Cintāmaṇicakra is depicted as having anywhere from two to sixteen arms, with the two-armed and six-armed forms being the more common in Chinese and Japanese art.

In his six-armed form, Cintāmaṇicakra is commonly shown wearing a crown with an effigy of Amitābha Buddha and sitting in a "royal" position (mahārājalīlāsana, i.e. with his left leg tucked inwards and his right knee raised) atop a lotus on a rock protruding from the ocean - a symbol of Mount Potalaka, Avalokiteśvara's legendary abode. His first right hand touches his face in a pensive mudra, his second right hand holds a cintāmaṇi, and his third right hand holds prayer beads. His first left hand meanwhile touches the rock base he is sitting on, his second left hand holds a crimson lotus flower (padma), and the third left hand holds a Dharma wheel (cakra).

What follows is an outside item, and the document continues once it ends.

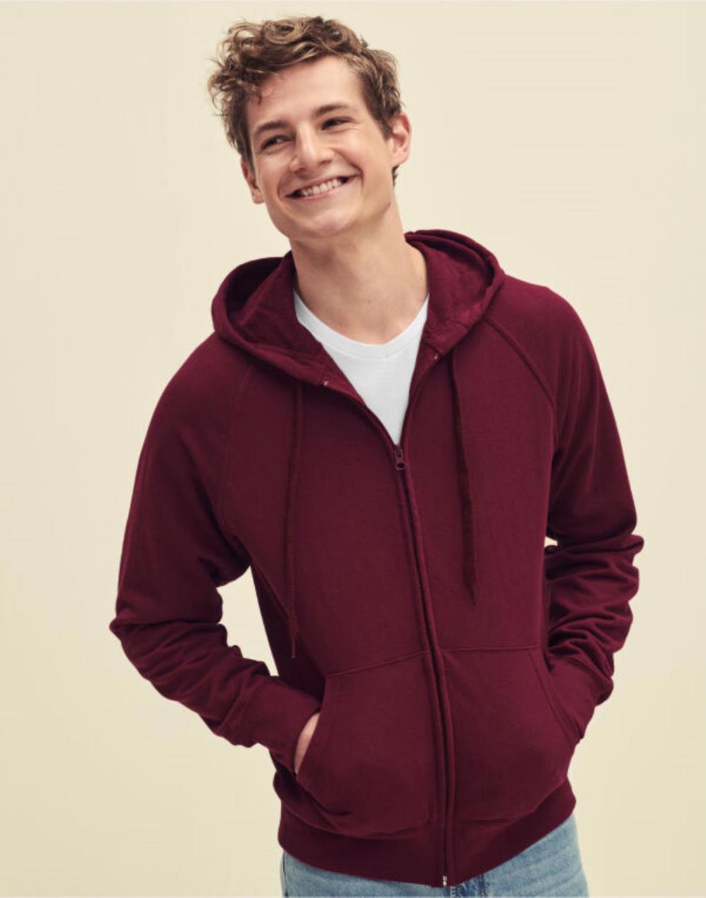 Lightweight unbrushed fleece,Raglan sleeves,Hood with self coloured flat draw cord,Covered zip for enhanced printability,Two front pouch pockets

In two-armed images, he does not hold a jewel and he may be seated with his right leg crossed at the ankle over his left leg. This imagery is similar to that of the statue of Maitreya at Chūgū-ji in Nara, which has been mistakenly venerated as Cintāmaṇicakra. Another two-armed form exists where he holds a cintāmaṇi in his right hand and a water vase in his left hand. An example of this variation is the colossal Guanyin statue located in Tsz Shan Monastery in Hong Kong.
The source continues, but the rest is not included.